The world of egoistic passion, of Peer Gynt, was the hallmark of Austria to Max Adler. It was the sign of the times:

What is it that this generation alone can understand? In this question lies the source of all evil, the peculiar limitation of the bourgeois age, and the primordial ground of all its understanding; that is, it conceives nothing other than its own self, that individual ego of the everyday, the narrow, small, transient personality . . . the whole world is there only so this egoistic individual can be whatever will make him personally happy. What he cannot understand, and does not serve his egoistic goals, does not concern him. . . . Thus this generation sinks into the egoistic passions and complete absence of ideas [Ideenlosigkeit] or irrationality [Verunftwidrigkeit] which are only two sides of the same principle.7

Only through an uncompromising objectivity with oneself and complete repression of the egoistic passions that threatened to turn one into the sloppy-thinking, pleasure-loving Viennese, for whom all might be hopeless but not yet serious, could one raise himself to the status of New Man and be capable of leading others to these heights. It is not strange, then, that Max Adler was inspired by Nietzsche’s image of the Uebermensch, the transcendent man:

The “transcendent man” [Uebermensch] is . . . a struggler for self-discipline—a thing that lies apart from a hunger for power over the state or other people. And if Nietzsche praised the warlike virtues, he did not mean them to be warlike in the interest of an actual war or for actual power, rather a war that should be waged with one’s own commonness and baseness, with all the instincts and impulses [Trieben] that always tear us down from the heights of the “transcendent man” into the depths of the “subhuman” [Unter-Menschliche].8

Adler saw himself as one of the transcendent men, a champion of the spirit, qua intellect, that lived in an age of death as a germ of new life:

The present generation is . . . a transition period, a phase of time when all that is old is destroyed and the new is formed.

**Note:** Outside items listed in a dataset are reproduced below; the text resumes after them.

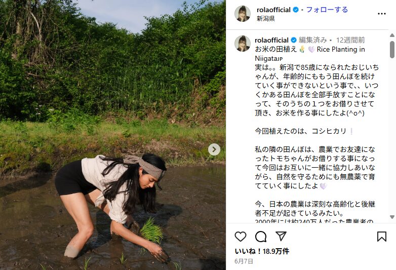 そんな彼女は2025年に新潟県で農業を始めるとインスタで報告しています。新潟では「コシヒカリ」を育てており、この行動も「農業従事者の高齢化と後継者不足」について考えた結果だそうです。現在も政治に興味を持ち取り組んでいるのがわかります。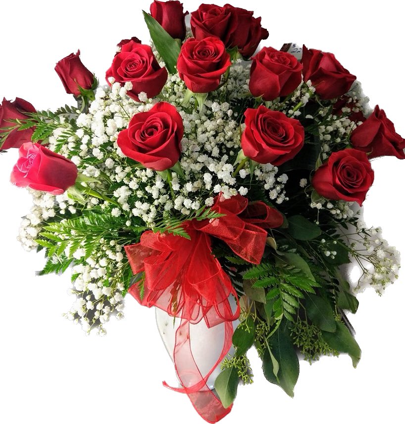 24 long stem RED roses, paired with babies breathe in a glass vase.
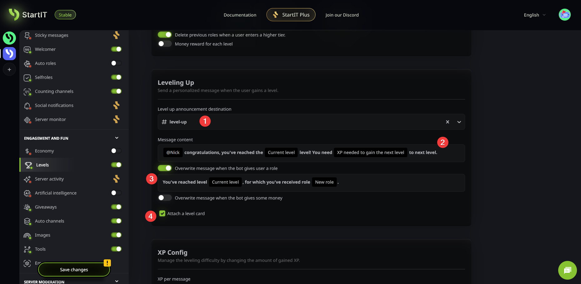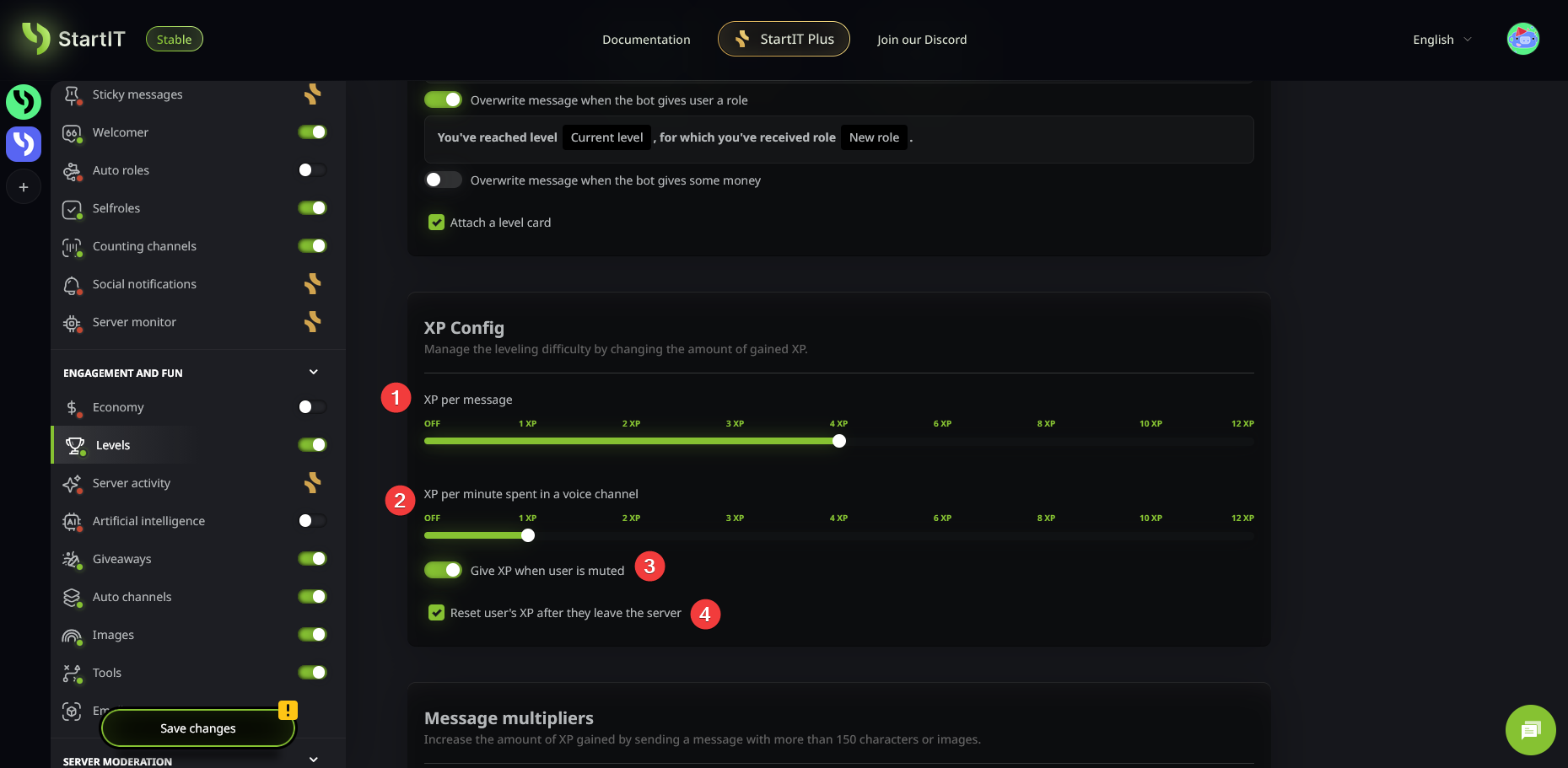 - Choose whether to completely wipe the XP of users who leave the server (4).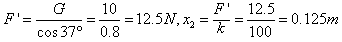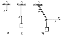 (2)再用一细线拴在图乙中的A处,然后用一水平的力F向右拉动,使橡皮筋与竖直方向成37°角,并保持静止,如图丙所示,求所加外力F的值和橡皮筋的伸长量x2。(sin37°=0.6,cos37°=0.8)
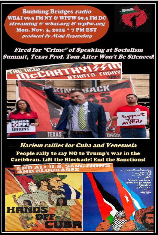 Host Mimi Rosenberg speaks with labor historian Professor Tom Alter about his summary firing from Texas State University after a deceptively edited clip of an off-campus talk—situating his case within a broader wave of repression against academic freedom, DEI, and pro-Palestine speech. The conversation traces historical precedents for today’s “neo-McCarthyism,” the targeting of universities, and the double standard around “free speech” on campus. In part two, Mimi brings us to a Harlem rally demanding hands off Venezuela and lift the blockade on Cuba, featuring statements from Friends of the Congo, Puerto Rican youth organizers, and defenders of Cuba’s medical brigades, tying sanctions to global struggles for sovereignty and justice—and offering concrete ways to act.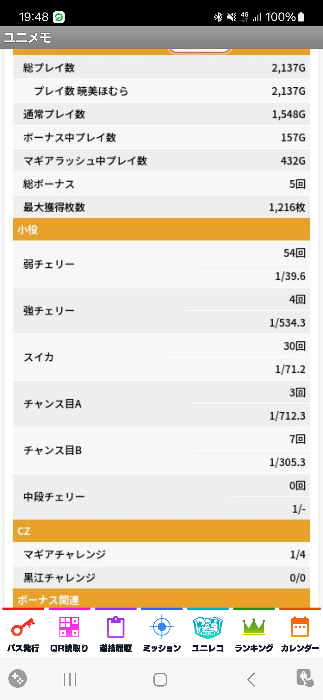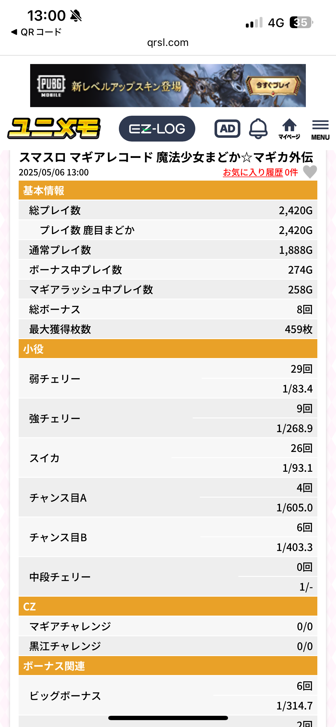 当たってもビッグ4回おきに5Gが1回とかだったし、マギチャレ?だかはほぼ当たらない。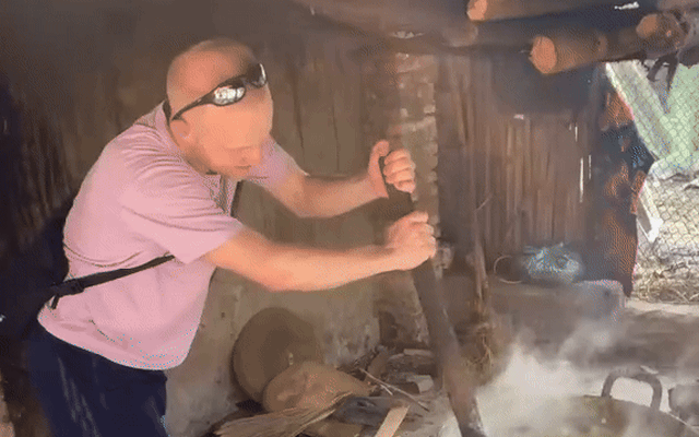 Sau đây là một ví dụ. Vị khách nước ngoài xuất hiện trong video được tài khoản "Hướng dẫn viên nghèo vượt khó" đăng tải, anh tự mình đứng... nấu cám lợn. Chàng trai không thể giấu được sự thích thú qua nét mặt. Thậm chí anh còn làm 1 hành động khiến nhiều người xung quanh bật cười, đó là giả vờ thử đưa tay lên nếm thử.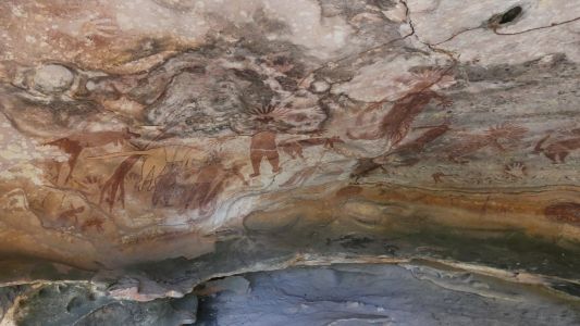 Which my failing memory fails to retain for very long. The site has four galleries, associated with initiation of boys into men. We see it a bit backwards. The initiants crawl through a small passage from where initiation rites are conducted to this "room" then move to "recovery". There are several layers of painting, the site was possibly active until the 1950's. We can count four pages, each less distinct, though there are probably more. The six fingers of the male with headdress suggests a person of some importance.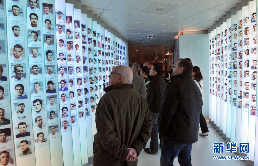图为5月1日,球迷在伯纳乌球场内参观。新华社记者陈海通摄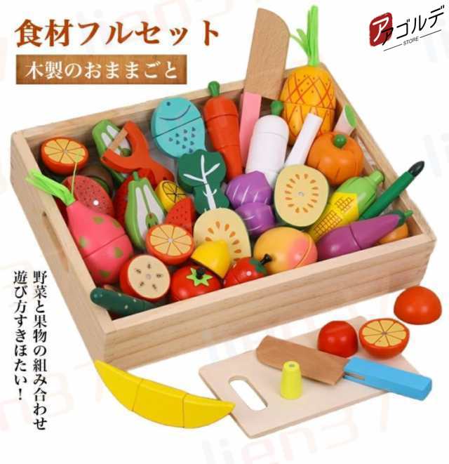 木製 おままごとセット 素材:食材フルセット ご注意事項: マグネットパズルの破損によりネオジム磁石を誤飲し、腸管壁等を穿孔する事故が発生しています誤飲事故防止のため、マグネットパズルを子どもに使用させる際は、こまめに破損していないかの点検をおこなってください 対象年齢を確認し、対象年齢未満の子どもがいるご家庭では保護者の目の届くところで使用させるようにしてください 万一、ネオジム磁石を誤飲した可能性がある場合には、直ちに医師の診察を受けてください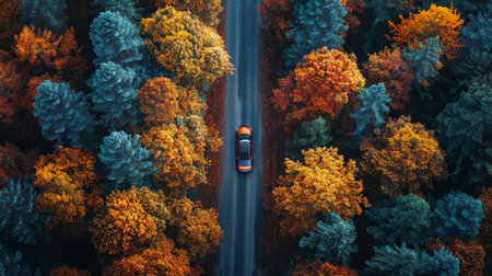 Car driving along winding road through a vibrant colorful autumn forest landscape during a scenic road trip journey Scenic natural beauty of the fall season

All the forms of the old way of life in which reason was embodied now dissolve, but there are not yet new forms in which societal reason can find a home. . . . An empty freedom, an empty law, an empty science are the idols of this time: an empty freedom because it is only the freeing from the old law, without a creation of a new, free form of society; an empty law, because it contents itself with the formal literal view of equality before the law, instead of attempting to create equality within the laws themselves; an empty science, because it is only concerned with the categorizing of experiences, without attempting to employ in a useful manner that which it has collected.9

Adler states in this passage his intention to support through socialism positive policies and programs of social change. As a Social Democrat, he believed society needed not simply an “empty freedom” or an “empty science” but a definite direction and new social forms. Adler’s idea of the social a priori in human consciousness was the new insight that might guide the creation of new social forms of interaction. He based his thought on the Kantian categories of human consciousness, which create the essential structure and horizon of concept by which we organize our experience.10 Adler stressed in the social a priori the Kantian category of community, the reciprocity between agent and patient, that is, the interdependent nature of each experimental moment.11 Whereas Kant had implied a field of others toward which one must relate each isolated moment, Adler gave a more definite social wholeness, in the sense of human community, to his definition. He extended this notion of community to base all human interaction in a social transaction, with even seemingly isolated human experience requiring a social communication to oneself in order to clarify its meaning. Thus to be accurate, each moment of human understanding must recover the social nature of each experience. Society had been unaware of this essential social structure of knowing and being in its historical development, and thus its social organizations had not adequately reflected the necessity of interdependence and the social nature of judgment in its hierarchies of meaning, communication, and authority. If the society began to incorporate the implications of the social a priori into its institutional arrangements, social organization would become truer to the nature of the human being, thus healthier.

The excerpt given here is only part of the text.